Venice, the queen of the seas, naturally wanted to be part of the game. But it was trapped in the Mediterranean and increasingly destined for political irrelevance. After the exploits of Christopher Columbus, and even more so after those of Vasco da Gama, who rounded the Cape of Good Hope and reached India (1497), a feeling of bewilderment had spread among the ruling class. “Something, anything, must be done”, insisted the most willing (five centuries before Draghi’s “Do something!”).
In truth, the Venetians had already attempted to do something. In 1504, the Council of Ten proposed to the Mamluk sultan of Cairo, Qansuh al-Ghuri, to open a canal between Port Said and Port Suez to connect the Mediterranean and the Red Sea. The expense would be borne by the Republic. Two fortresses, at the entrance and exit of the canal, would guarantee the sultan control of traffic. In return, the Venetians would have had free access to the Red Sea and thus to the Indian Ocean and the markets of the East. The whole operation was aimed at outsmarting the Portuguese, who by then were masters of a quadrant stretching from Lisbon to the Moluccas. At the last minute, the sultan backed out, pressured by the Portuguese themselves (and the Ottomans, editor’s note).
Now the Spanish were getting involved too. The Council of Ten had just received news that one of Magellan’s five caravels, the Victoria, had succeeded in circumnavigating the globe (now reduced to a wreck, it arrived in Seville in September 1522). It was another blow, and not a small one. Far from decline, there was a risk of collapse.
Sior Bucignolo immediately obtained an audience at the Doge’s Palace.

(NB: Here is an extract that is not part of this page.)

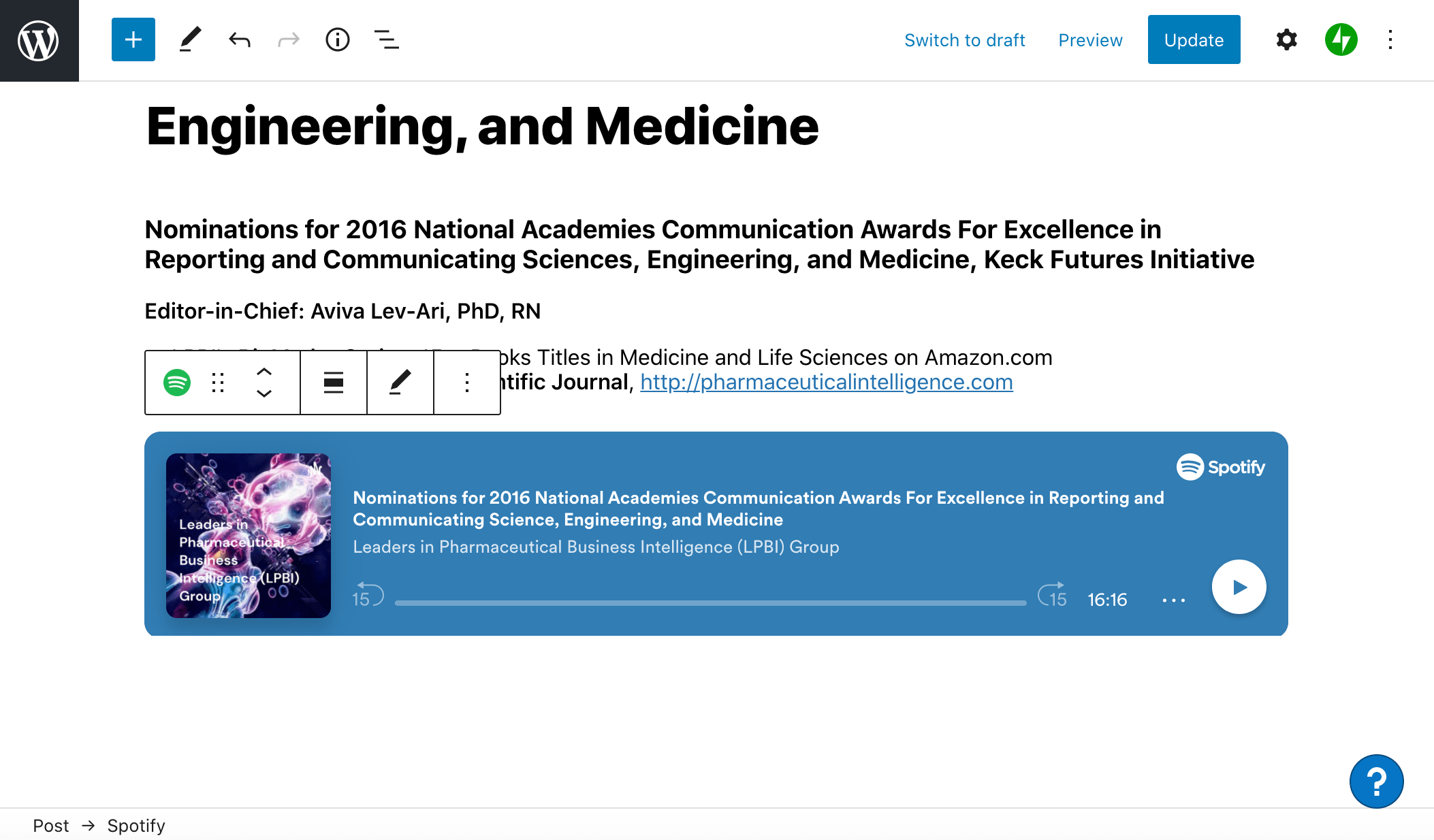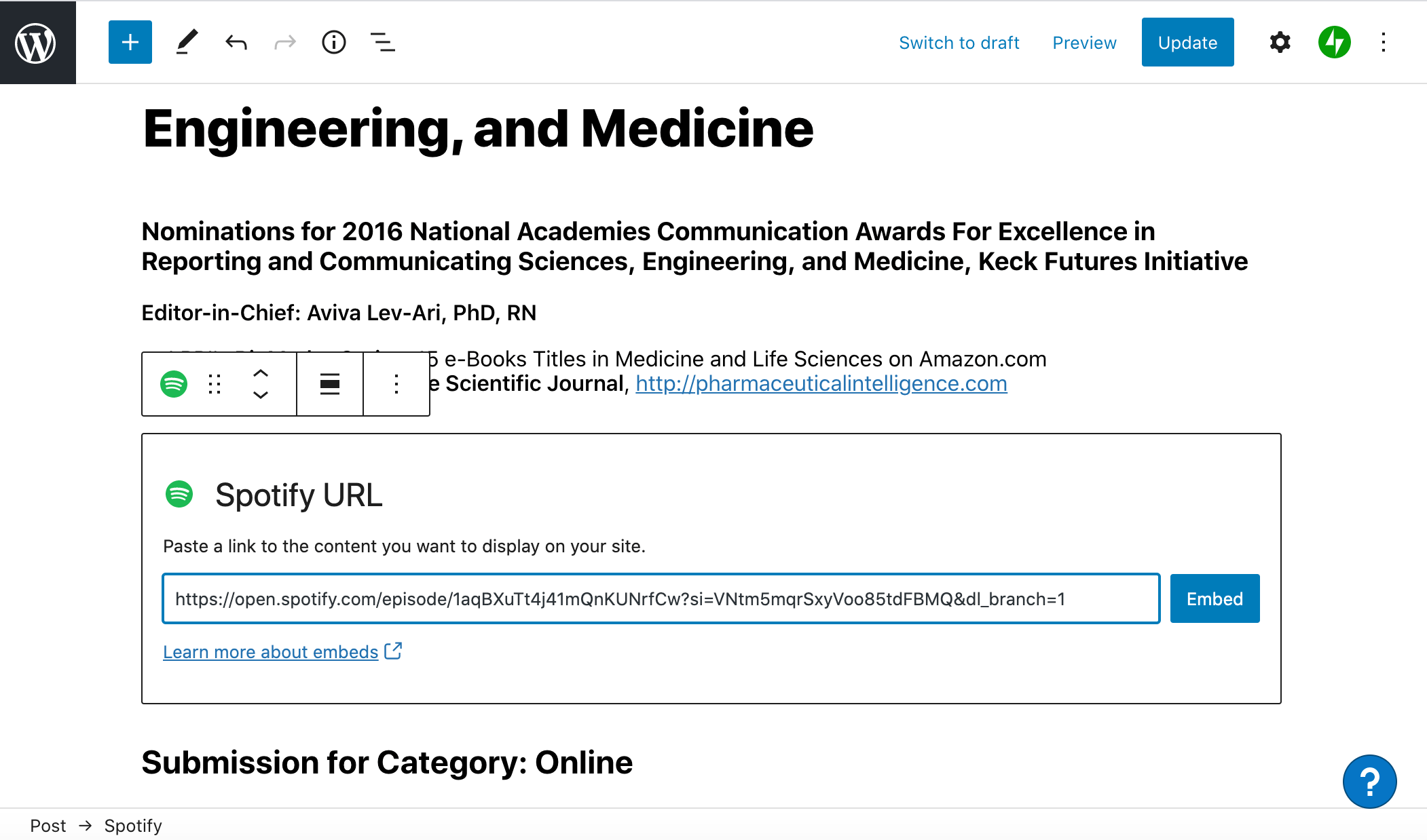 You will then be able to past the link you previously copied from Spotify, and your podcast will now be embedded.
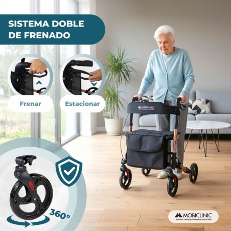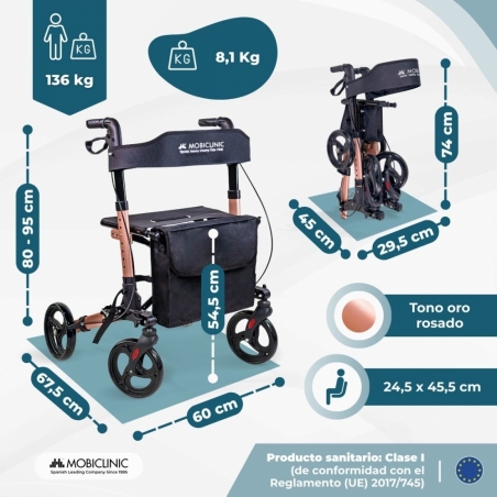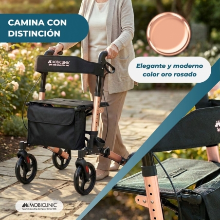 Andador plegable | Aluminio | Hasta 136 Kg | Frenos en manetas | Asiento y respaldo | Oro Rosa | Trajano | Deluxe | Mobiclinic

Sebastian Caboto knew the Northern seas well, having sailed them since he was a boy with his father Giovanni, an illustrious navigator from a Venetian family but long in the service of the English crown and who went down in history for “discovering” the island of Newfoundland while searching for a route to China (1497). In reality, the Beothuk, a seemingly unwelcoming indigenous people, had long lived on that barren, windswept island. Caboto senior barely had time to plant the flags of St Mark and the King of England before making a hasty retreat. However, he was welcomed as a hero on his return to London and pocketed the handsome sum of 10 pounds.
Four years later, Caboto junior, in his early twenties, led an expedition to those icy seas to open up the Northwest Passage that his father had sought in vain. He too failed in his endeavour. But on his way back, he stopped off in Newfoundland, just long enough to capture three natives “dressed in skins, eating raw meat and speaking a language that none of us understood”.
Twenty years had passed, Bucignolo explained, and his paròn (master) was ready to try again, this time in the service of Venice. The idea of an Arctic route to China immediately caught the attention of the government of the Serenìsima.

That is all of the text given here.